■ **ASSIGNED TASK**: Please transcribe exactly the lines from the first line of the records below through the line containing "Popisek: Ilustrační foto.", including both, and omit all pictures.

[Data extracted from a collection]
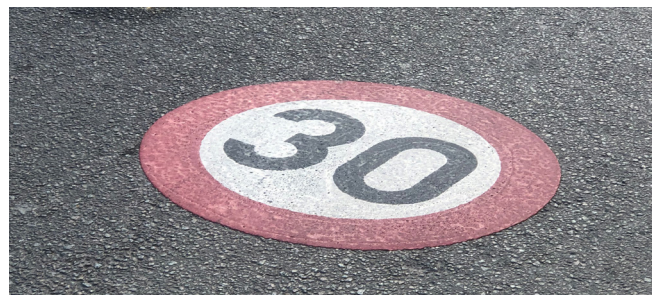
Figure 2 : Marquage C43

le C43, le panneau F4a pour les abords d'école et une reproduction en blanc du C43 (voir 6. Illustrations).
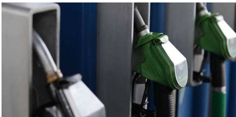
Popisek: Ilustrační foto.

Dění na Blízkém východě nevyhnutelně vyvolává otázky, jaké ceny benzínu a nafty mohou čeští řidiči v nejbližším období očekávat. „Záležet bude na tom, zda se konflikt mezi Hamásem a Izraelem rozšíří na větší území Blízkého východu, případně jestli se do něj zapojí Írán,
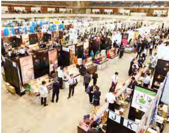
黒で統一された大分ブース
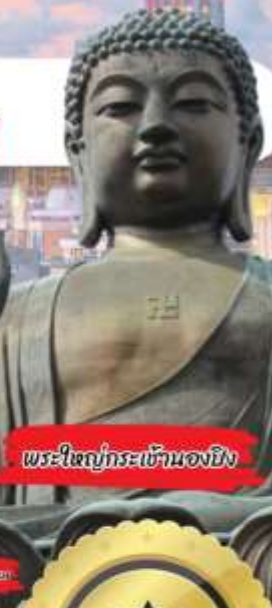
พระใหญ่กระเช้านองยี่ง
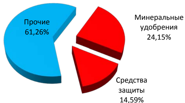
Без Биоплант Флора
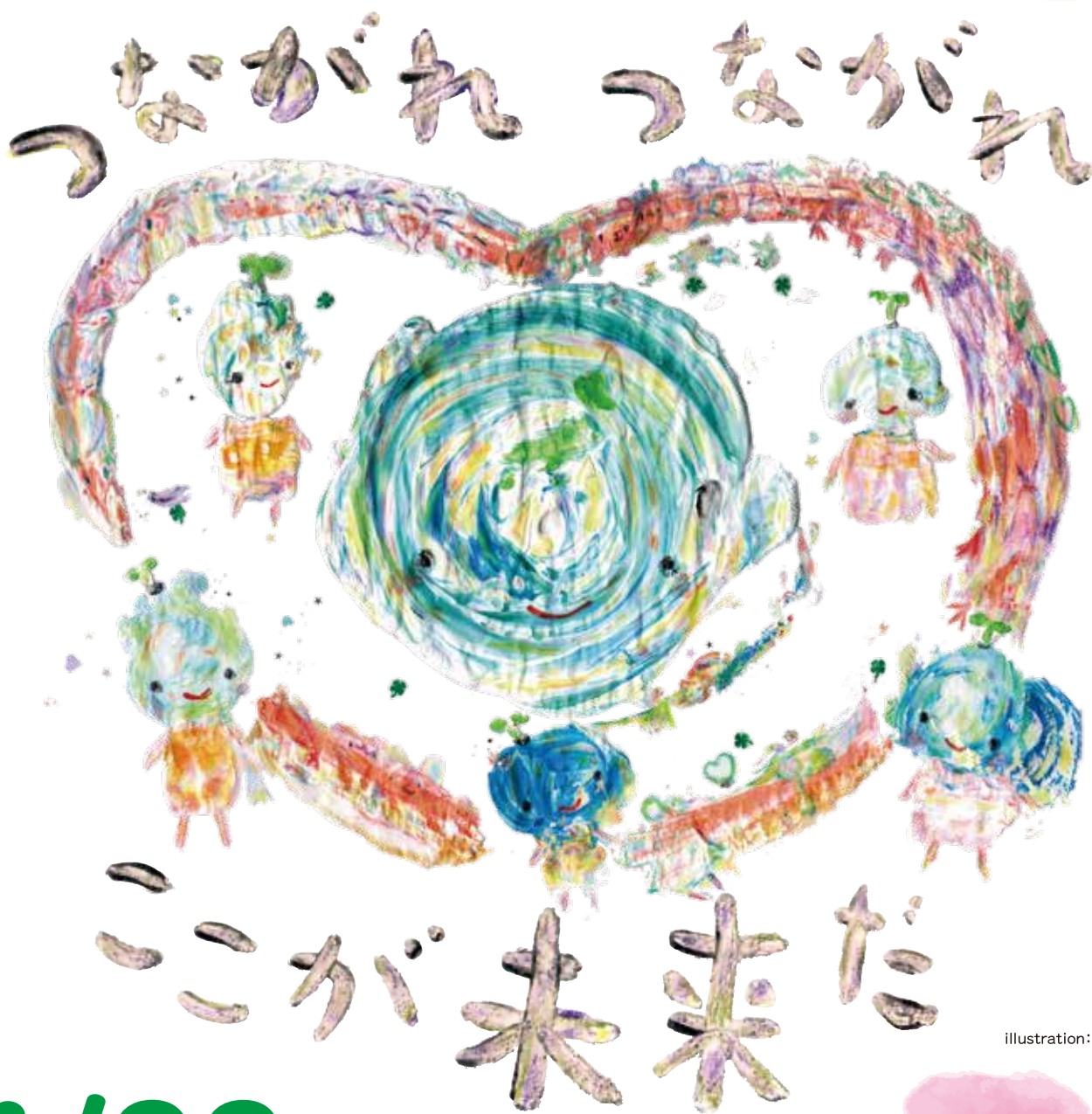
illustration: みやもと かえ
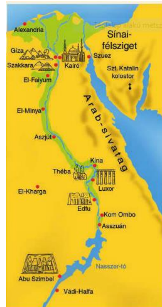
5.8. ábra. Egyiptom főbb nevezetességei
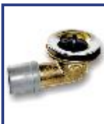
SOPAPA BAÑERA CODO TSD CROMO
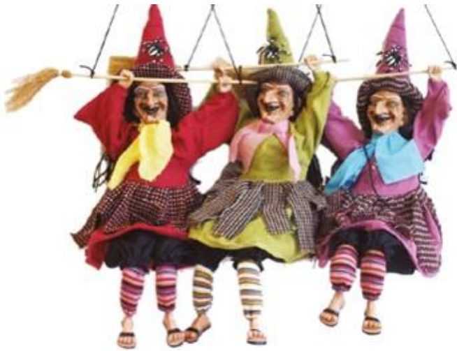
Art. 4348 cm.20 Contenitore
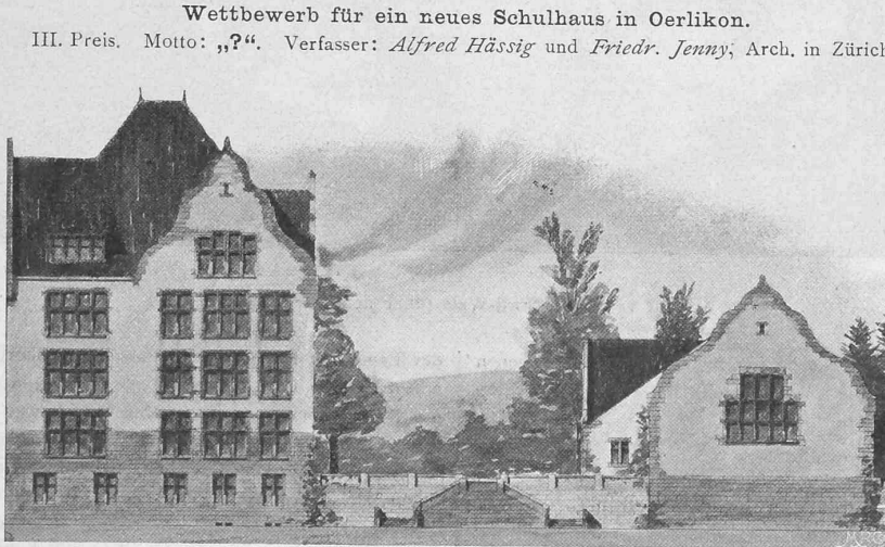
Nordfassade gegen die Hochstrasse. 1:500.

Der Betriebsvoranschlag weist für den zwölf Zellen-Betrieb eine jährliche Gesamtausgabe von 131967 Fr. auf, der 41220 Fr. Einnahmen gegenüberstehen; der 90747 Fr. betragende Ausgabenüberschuss wird durch den Ertrag der Kehrichtabfuhrtaxe und die Entschädigung des Strassenwesens für die Verbrennung des Strassenkehrichts hinlänglich gedeckt. Die Beseitigung des Kehrichts durch landwirtschaftliche Verwertung kostete in den letzten vier Jahren in Zürich durchschnittlich 6,15 Fr. per t, durch Verbrennung wird sie zunächst auf Fr. 6,78 zu stehen kommen, welche
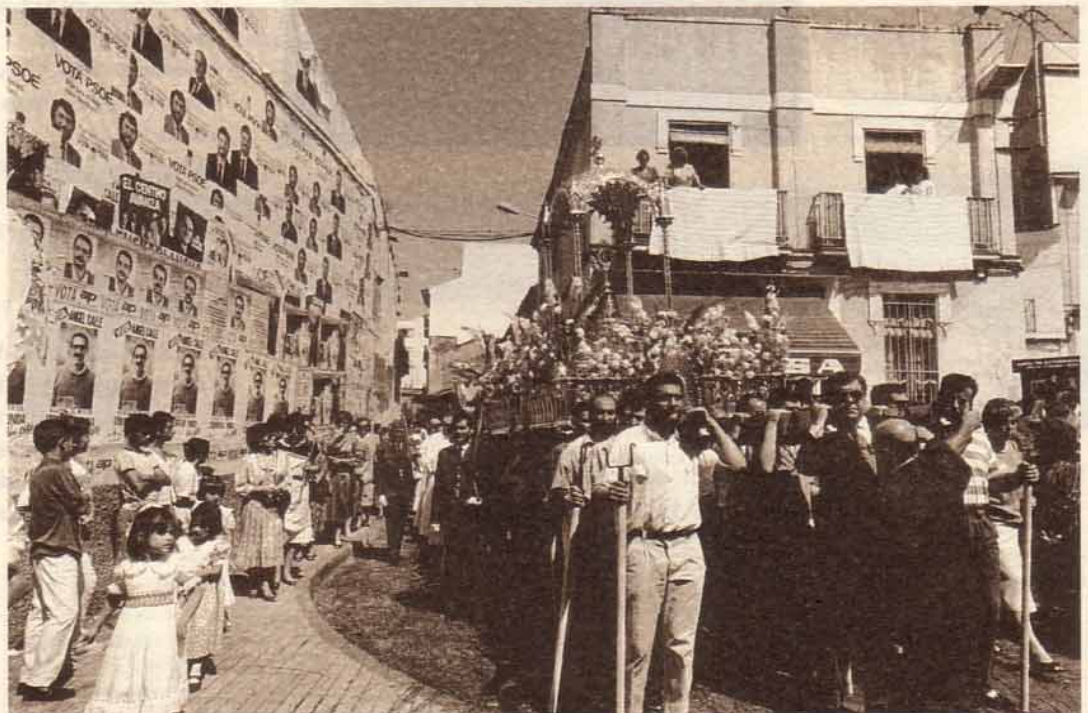
Procesión del Corpus
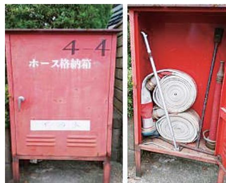
市内に 527 箇所あるホース格納箱

軽減には取り組んでいるが、教職員にはその実感は薄いと認識している。授業の充実のため時間の確保・教職員の健康は欠かせない。県・校長会と連携し負担軽減・業務改善に努めていく。
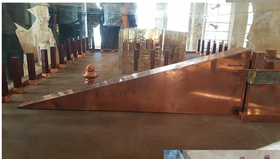
A sátorszentély idejéből származó leletek:
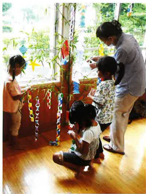
6月27日、園児23名とシニア20名で作りました。

は、シニアクラブと七夕飾りを作りました。シニアは園児の歓迎を受け、会話を楽しみ、一緒に楽しいひと時を過ごしました。
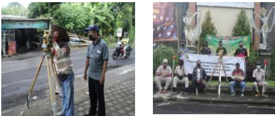
Gambar 3. Kegiatan Pengukuran Kantor Kepala Desa Padang Sambian Kaja

Dalam setiap tahapan pelaksanaan pengabdian diikuti dengan proses evaluasi sesuai dengan jadwal, sehingga luaran dapat diselesaikan secara bertahap dan berkelanjutan.
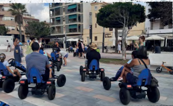
Un momento de la salida por el centro de La Mata desde la Plaza Encarnación Puchol.
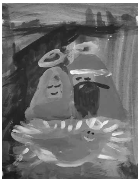
Szilas Anna Méhecske csoport 5 éves
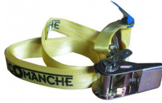
Cincha 25mm con Carraca
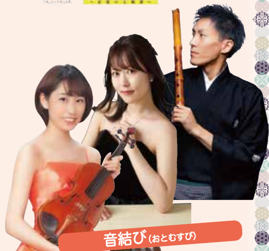
音結び (おとむすび)
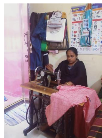
ondernemer vanuit huis aan de slag

■ **SOLUTION TO THIS PROBLEM**:
Figure 2 : Marquage C43

le C43, le panneau F4a pour les abords d'école et une reproduction en blanc du C43 (voir 6. Illustrations).
Popisek: Ilustrační foto.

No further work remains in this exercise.